Tuesday, June 19, 2012

sensitive driving

I guess this week has been filled with You-Saw-It-Comings, most of which have been unpleasant and had stemmed from the destructive machinations of a capitalist paradigm hypersaturated with commodities, or perhaps I'm merely concretizing theory and saying "There is a name for all our problems and it is This." 

I wish I had more time to wander libraries drowsily, reading cookbooks and flipping through philosophy and art theory in the thickly-illustrated "Introducing..." series. 

Having a thought: I don't know why I feel offended when people say that I have a "unique" voice/style/sensibility. And then upon further reflection, I feel like a capricious child, which, I guess, kinda sucks. 

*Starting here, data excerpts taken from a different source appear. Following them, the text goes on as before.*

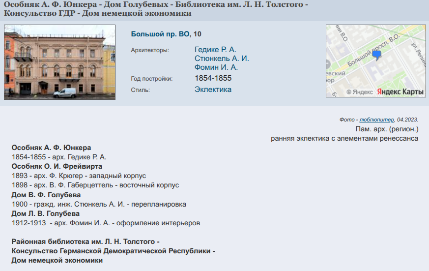 Как здание-памятник архитектуры, построенное в 1855 году, более известное как особняк А. Ф. Юнкера, оказался в руках сына бывшего губернатора Петербурга Матвиенко, история также умалчивает.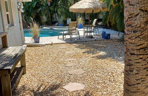 Tropical oasis w/ hot tub & oversized heated pool. Beach cottage w/ No stairs to climb, 3 blocks from beach, bike to Siesta Village shops/ restaurants/ entertainment, bars, live music & shopping! Convenient to everything on our Suncoast. Very private spot, easy on/off island to airport, UTC, Ringling Museum, St. Armand's Circle & Longboat Key. Palm trees, Tiki umbrellas & party space galore. Hawaiian dining / seating decks throughout this sprawling Florida native landscaped gem. Eat-in kitchen. Huge yard surrounded by palm trees. Quiet, safe neighborhood. 3 Wide-screen TVs, Comfy beds, Hurricane-safe, Sea Birds & local parrot landing spot. Weber gas grill gets the party cooking. Lots of parking space. Lic. #VR22-00123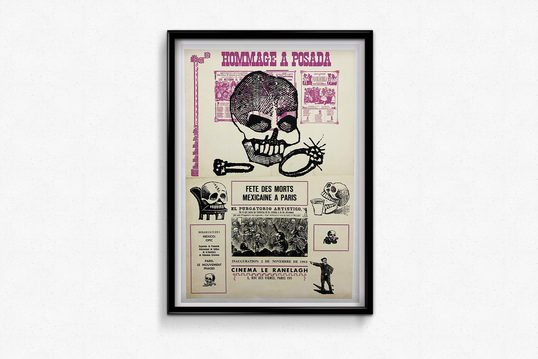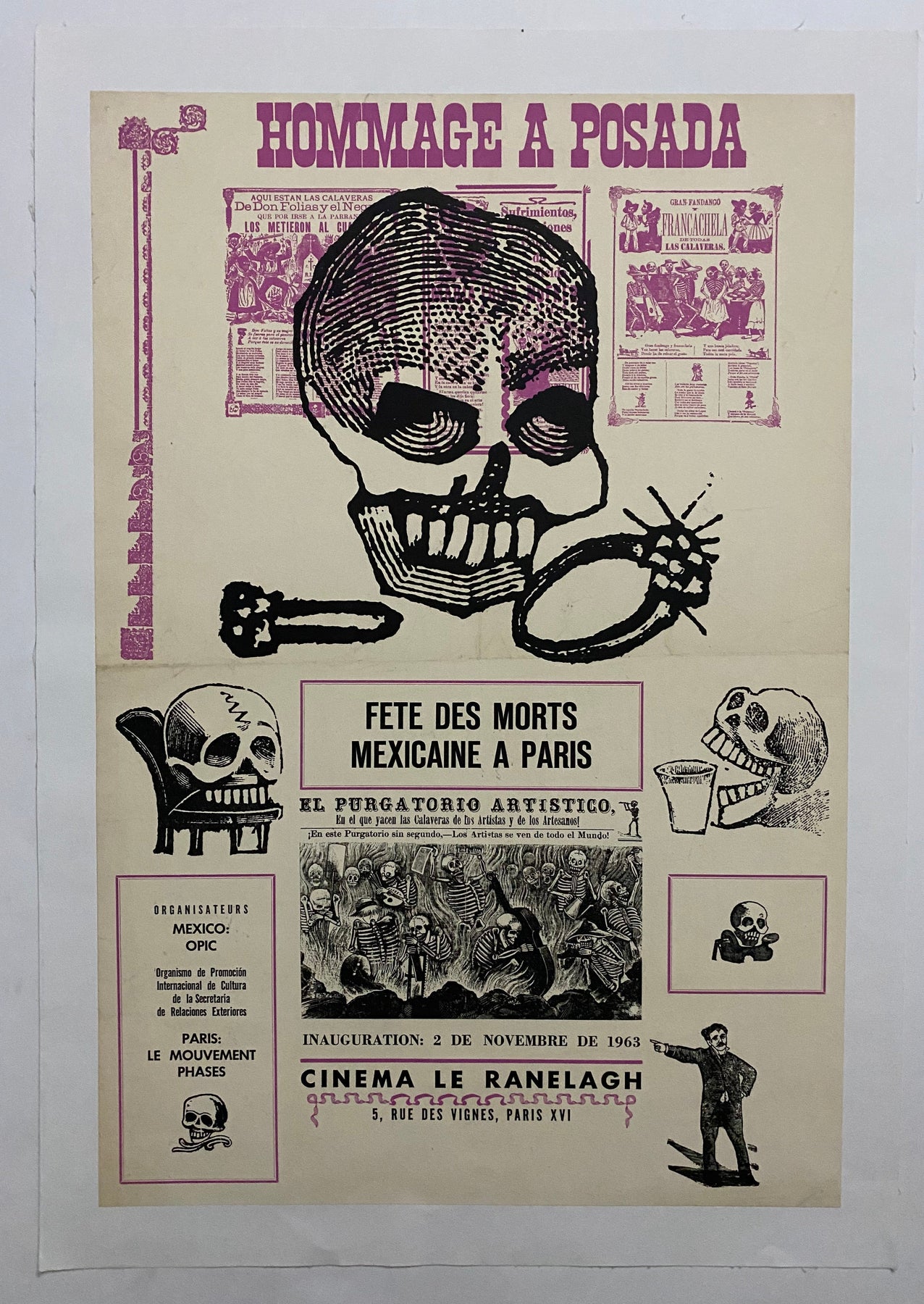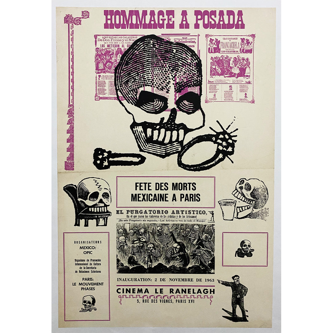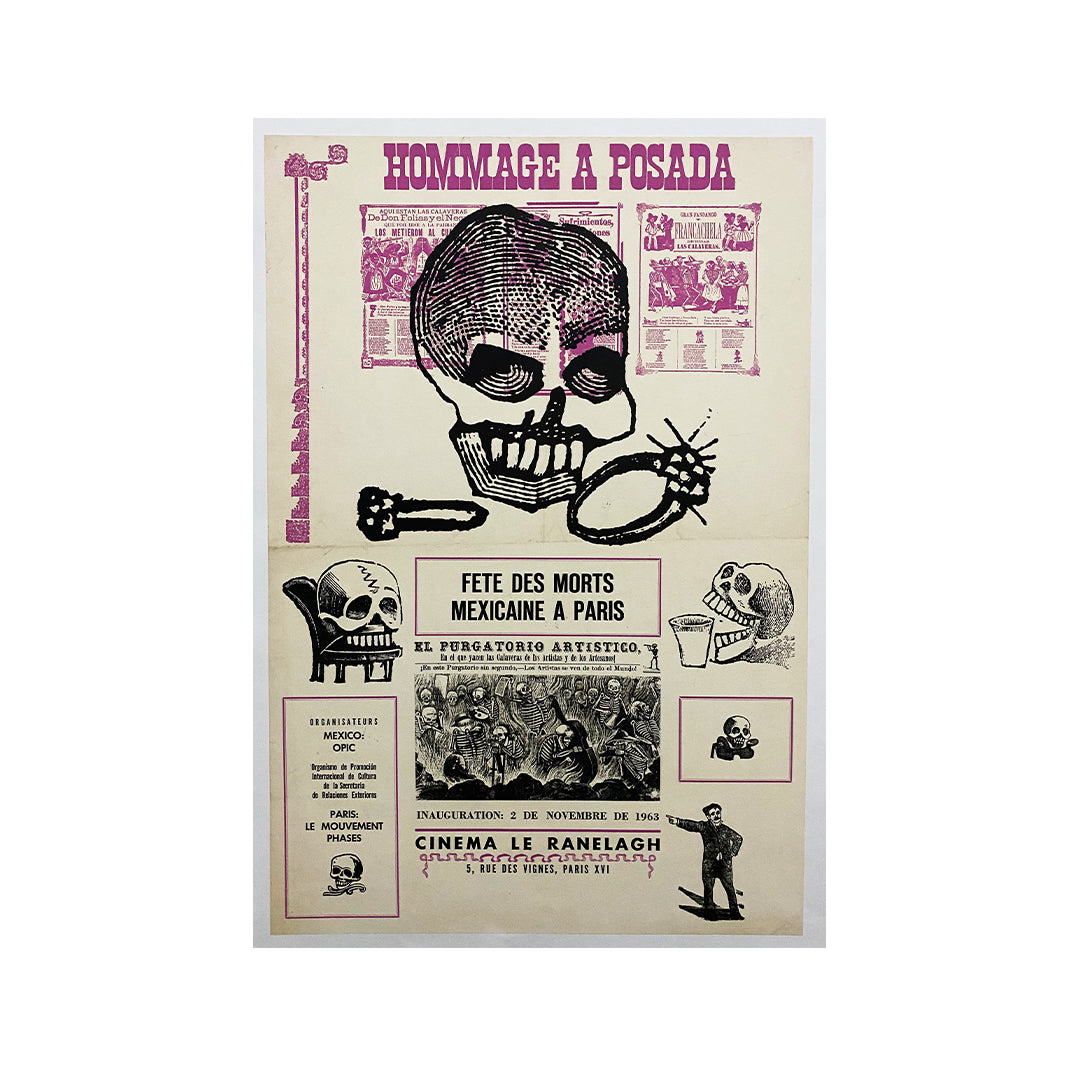 Affiche réalisée en 1963 en hommage à la Posada, la fête mexicaine des morts à Paris.

Basically I spent the afternoon looking at air ticket prices and sighing my way to premature hypertension.

Leave the Spine Behind

The moon was never made of shoelaces
but your spleen could very well
sneak out of your body at night
to follow its passion for origami, opera,
or rare meat. You probably wouldn’t even notice
until someone at a bar punched you in the gut
and their knuckles found your vertebrae’s grooves
and the message was sent from brain to tailbone
that to not have a hometown is a disadvantageous
situation to find yourself in when the family
roses are pulled from the ground.
They’ll probably prescribe memorization
or thermonuclear meditation when the truth of the matter
is that any way you position your bed in relation to the compass
destiny remains a crock of shit. The other crock is in the will
and it has never been a secret that the desire to end estrangement
wins three times out of seven. Statistics can prove the likelihood
of my knee finding your knee-pit in the middle of the night.
My scars are out of town at a storytelling convention
trying to coax a fervor from a haughty diphthong.

— Rachel M. Simon

Married

I came back from the funeral and crawled
around the apartment, crying hard,
searching for my wife’s hair.
For two months got them from the drain,
from the vacuum cleaner, under the refrigerator,
and off the clothes in the closet.
But after other Japanese women came,
there was no way to be sure which were
hers, and I stopped. A year later,
repotting Michiko’s avocado, I find
a long black hair tangled in the dirt.


— Jack Gilbert

After your death

First, I emptied the closets of your clothes,
threw out the bowl of fruit, bruised
from your touch, left empty the jars

you bought for preserves. The next morning,
birds rustled the fruit trees, and later
when I twisted a ripe fig loose from its stem,

I found it half eaten, the other side
already rotting, or—like another I plucked
and split open—being taken from the inside:

a swarm of insects hollowing it. I’m too late,
again, another space emptied by loss.
Tomorrow, the bowl I have yet to fill.

— Natasha Tretheway

Friday, June 15, 2012

week of 7 eggs

In the spirit of this blog circa 2006, I have returned from church camp feeling pretty relaxed (maybe even blissed out, but I am a puritan who doesn't like to associate with recreational drugs because it's pagan, because I am a puritan, and because ankles are sinful, and because chocolate is the devil's communion wafer, etc. etc.) and perhaps more at ease with living, in ways that I will not self absorbedly expose here. Perhaps I'll just say this: it's hard to love others if a model for perfect love doesn't exist, and I am thankful that there is an ontological basis for that, even if it's so fleeting and abstract in my mind.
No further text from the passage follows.